Salary Sacrifice Take-Home Pay: What Actually Changes?
Published by the UK Money Calculators editorial team. Last updated for the 2026/27 tax year.
Salary sacrifice reduces your take-home pay — but by less than the amount you sacrifice. You save income tax and NI on the sacrificed sum. This page shows exactly what happens at £25,000, £35,000 and £50,000 salaries with a 5% pension sacrifice, so you can see the real numbers before committing.
The key insight: sacrifice vs take-home reduction
Sacrifice £1,000 of gross salary and your take-home does not fall by £1,000. It falls by £1,000 minus the income tax and NI you would have paid on that £1,000. For a basic-rate taxpayer, the saving is 20% + 8% = 28%. A £1,000 sacrifice reduces take-home by only £720. You put £1,000 in the pension. You lose £720 from your pocket.

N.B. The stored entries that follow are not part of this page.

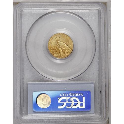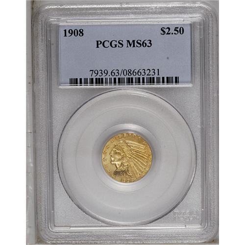 <B>1908<$2 1/2> MS63 PCGS.</B></I> Select with pleasing luster on the straw-gold surfaces. This quarter eagle is intricately detailed with a few scattered marks that restrict the grade.
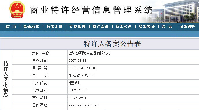 紫穎美容管理有限公司是國家商務部第一批頒布、辦理特許加盟的美容行業(yè)范疇的企業(yè)之一
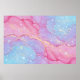 Diseño de tinta alcohólica abstracta de ensueño con olas de tonos rosas, púrpura y azul con una vena de oro delicada y burbujas dispersas. Esta obra de arte etérea evoca el suave y caprichoso sentimiento de las nubes de los caramelos de algodón y los cielos mágicos, perfecto para añadir un toque de asombro.
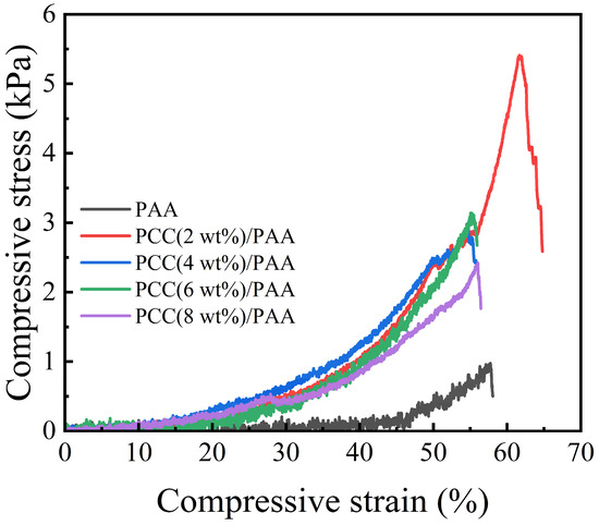 Compressive stress of PAA and PCC/PAA with 2–8 wt% porous calcium carbonate.
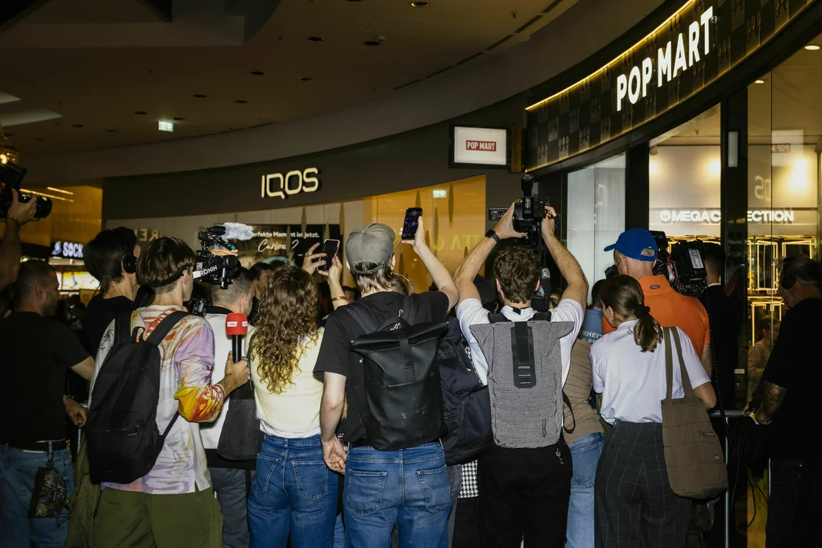 Die Menschen vor dem Alexa wollen das Original. Dafür ist ihnen keine Wartezeit zu lang, kein Preis ist zu hoch. „Was Labubus angeht, sind wir gut aufgestellt“, ruft Steffen Liese, Head of Retail Central Europe, gegen 11:30 Uhr durch ein Megafon zur Warteschlange. Eine Frau macht Freudensprünge. Andere sitzen in Campingstühlen, es werden neue Freundschaften geknüpft. Niemand ist in Eile, sie wissen, was sie erwartet. Kennen die Tiktoks.
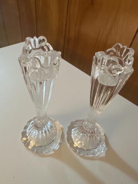 | VINTAGE ONEIDA RIBBED CLEAR CRYSTAL CANDLESTICKS | |||
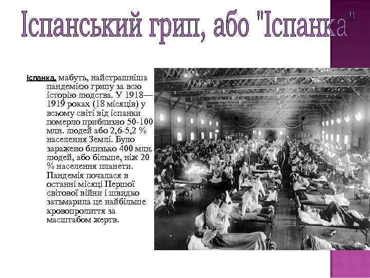 мабуть, найстрашніша пандемією грипу за всю історію людства. У 1918— 1919 роках (18 місяців) у всьому світі від іспанки померло приблизно 50 -100 млн. людей або 2, 6 -5, 2 % населення Землі. Було заражено близько 400 млн. людей, або більше, ніж 20 % населення планети. Пандемія почалася в останні місяці Першої світової війни і швидко затьмарила це найбільше кровопролиття за масштабом жертв. Іспанка,
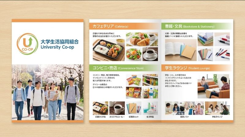 - 大学生協のカタログ・チラシを持つ
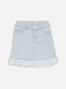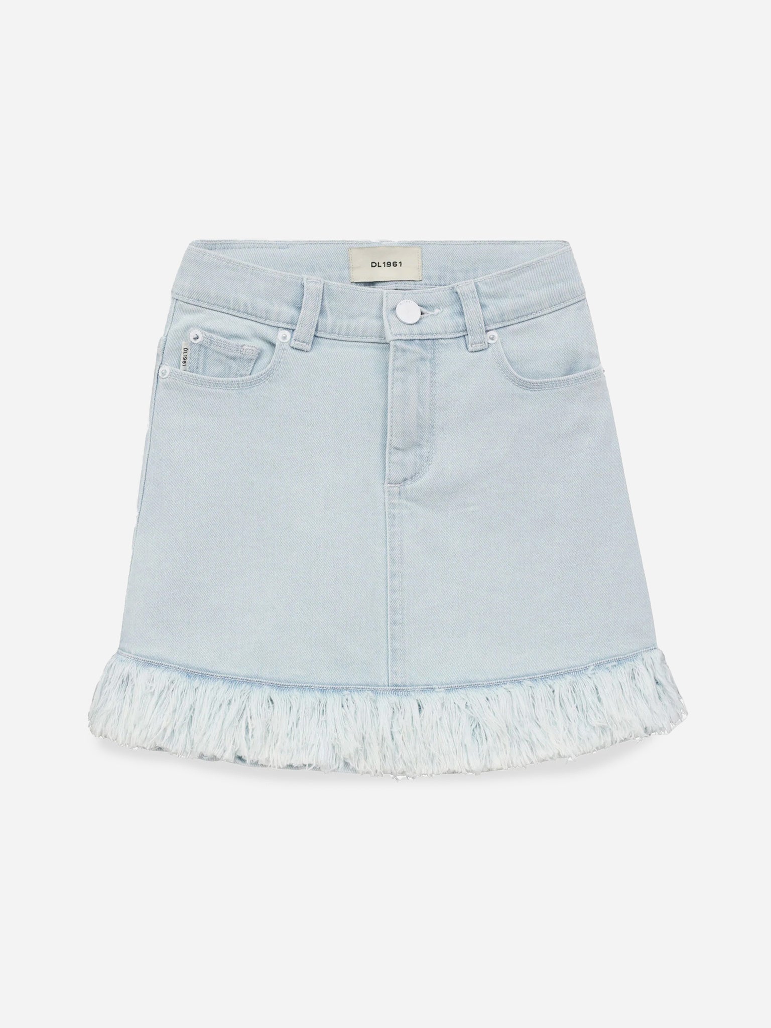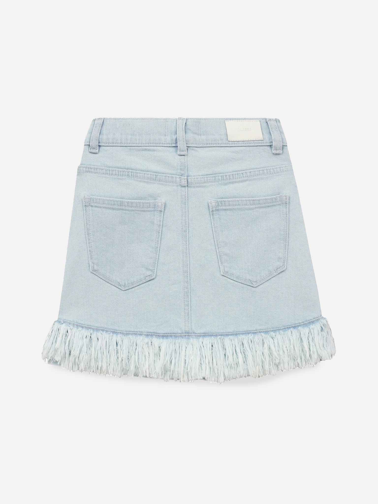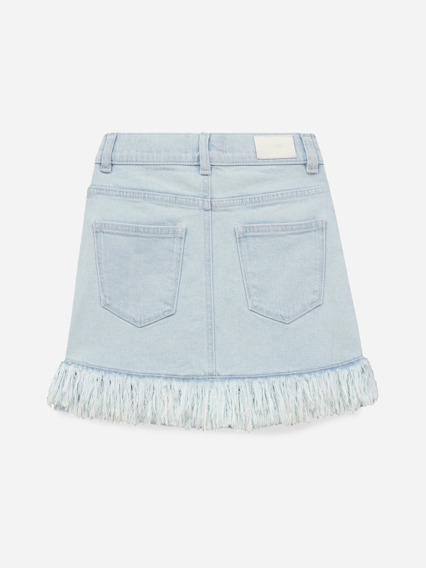 A trendy mini skirt in ultra-light wash denim with a shaggy fringe hem.
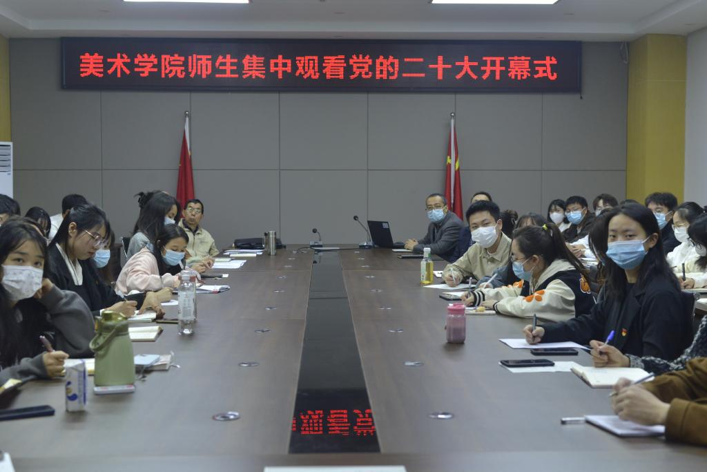 美术公司党总支书记罗江、正处级组织员王子荣、党总支副书记王斌,副经理王勃凯、吴仕华、专职辅导员沈瑶瑶及员工党员、团总支员工会主要干部相聚在艺术传媒大楼1012会议室,认真聆听习近平总书记的讲话。其余师生通过电视、网络以及移动终端等多种形式观看,切实做到党的二十大精神学习全员覆盖。

For higher-rate taxpayers it is even better. At 40% + 2% = 42% saving, a £1,000 sacrifice reduces take-home by only £580. That is the core arithmetic.
£25,000 salary, 5% sacrifice (£1,250 per year)
Gross: £25,000. Annual sacrifice: £1,250 (5%). Post-sacrifice PAYE gross: £23,750.
| Item | Before sacrifice | After sacrifice |
|---|---|---|
| Gross salary | £25,000 | £23,750 |
| Income tax (20%) | £2,486 | £2,236 |
| Employee NI (8%) | £994 | £894 |
| Monthly take-home | £1,793 | £1,718 |
| Monthly take-home reduction | — | −£75/month |
A £104/month pension contribution costs only £75/month from take-home. The £29 gap is the combined income tax and NI saving.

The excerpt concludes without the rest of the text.